━━━ Source data

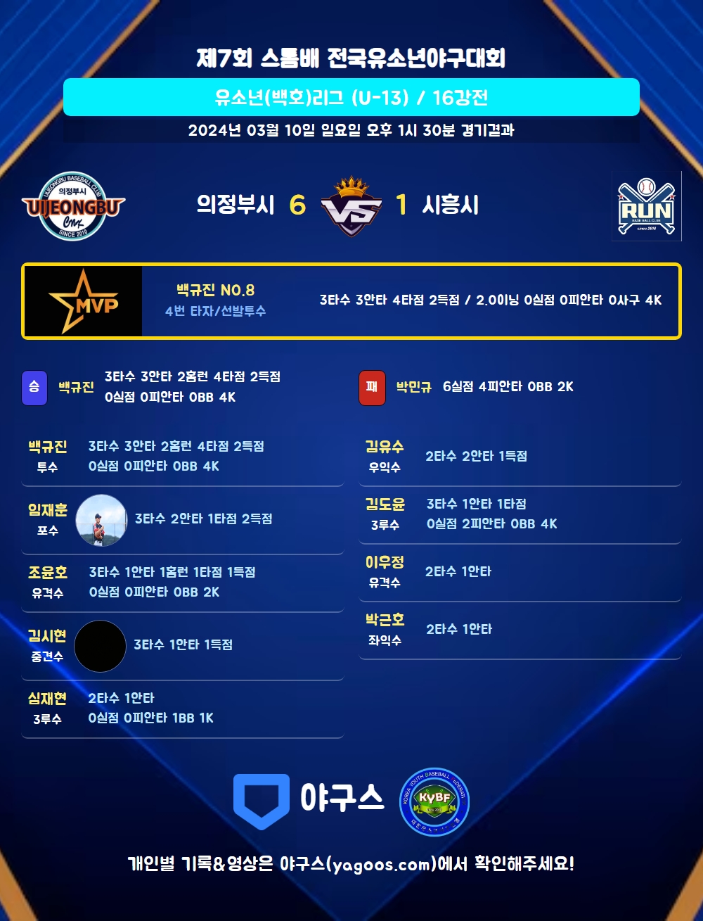 | 1 | 백규진(8) | 승 | - | 6 | 0 | 0 | 0 | - | 4 | 20 | 0 | 0 | 0.00 |
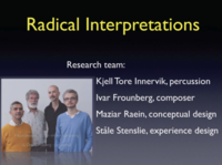 Participants: percussionist Kjell Tore Innervik, Norwegian Academy of Music (NMH), composer Ivar Frounberg, NMH, designer Maziar Raein, Oslo National Academy of the Arts, experience designer Ståle Stenslie, The Oslo School of Architecture and Design, and music recording producer Morten Lindberg.
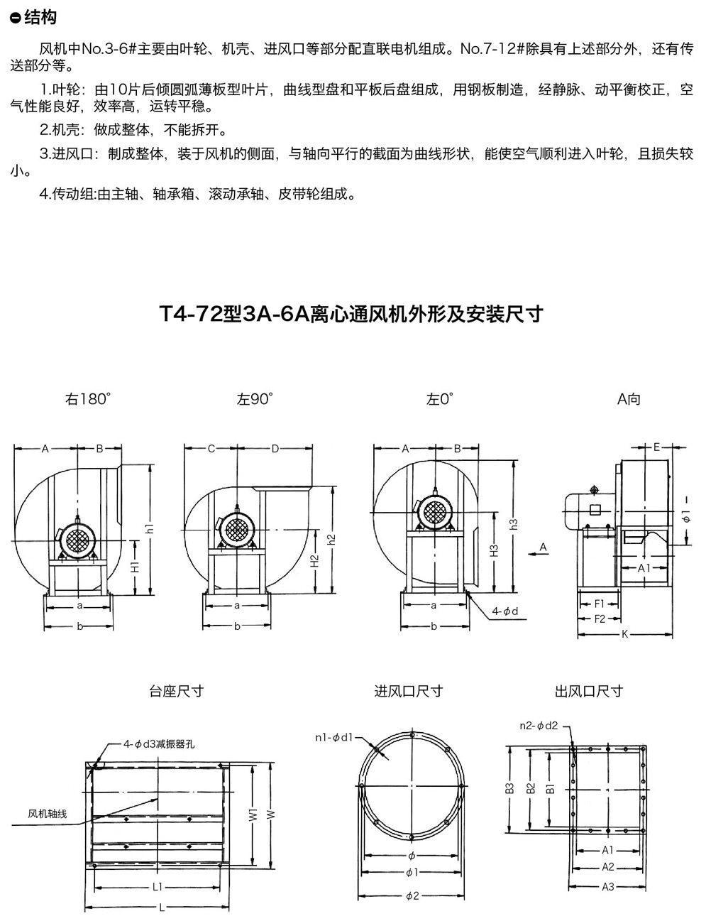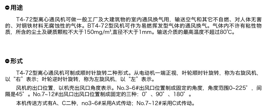 T4-72型離心通風(fēng)機(jī)可做一般工廠及大建筑物的室內(nèi)通風(fēng)換氣用,輸送空氣和其它不自燃、對人體無害 的、對鋼鐵材料無腐蝕性的氣體。BT4-72型風(fēng)機(jī)可作為易燃揮發(fā)型氣體的通風(fēng)換氣。氣體內(nèi)不許有粘性物 質(zhì),所含的塵土及硬質(zhì)顆粒不大于150mg/m3,直徑不大于1mm。輸送介質(zhì)的最高溫度不超過80°C。

━━━━━━

- Exercise aim -
Please transcribe the listing exactly as it stands, but omit its pictures.

- Response to the task -
 | 1 | 백규진(8) | 승 | - | 6 | 0 | 0 | 0 | - | 4 | 20 | 0 | 0 | 0.00 |
 Participants: percussionist Kjell Tore Innervik, Norwegian Academy of Music (NMH), composer Ivar Frounberg, NMH, designer Maziar Raein, Oslo National Academy of the Arts, experience designer Ståle Stenslie, The Oslo School of Architecture and Design, and music recording producer Morten Lindberg.
 T4-72型離心通風(fēng)機(jī)可做一般工廠及大建筑物的室內(nèi)通風(fēng)換氣用,輸送空氣和其它不自燃、對人體無害 的、對鋼鐵材料無腐蝕性的氣體。BT4-72型風(fēng)機(jī)可作為易燃揮發(fā)型氣體的通風(fēng)換氣。氣體內(nèi)不許有粘性物 質(zhì),所含的塵土及硬質(zhì)顆粒不大于150mg/m3,直徑不大于1mm。輸送介質(zhì)的最高溫度不超過80°C。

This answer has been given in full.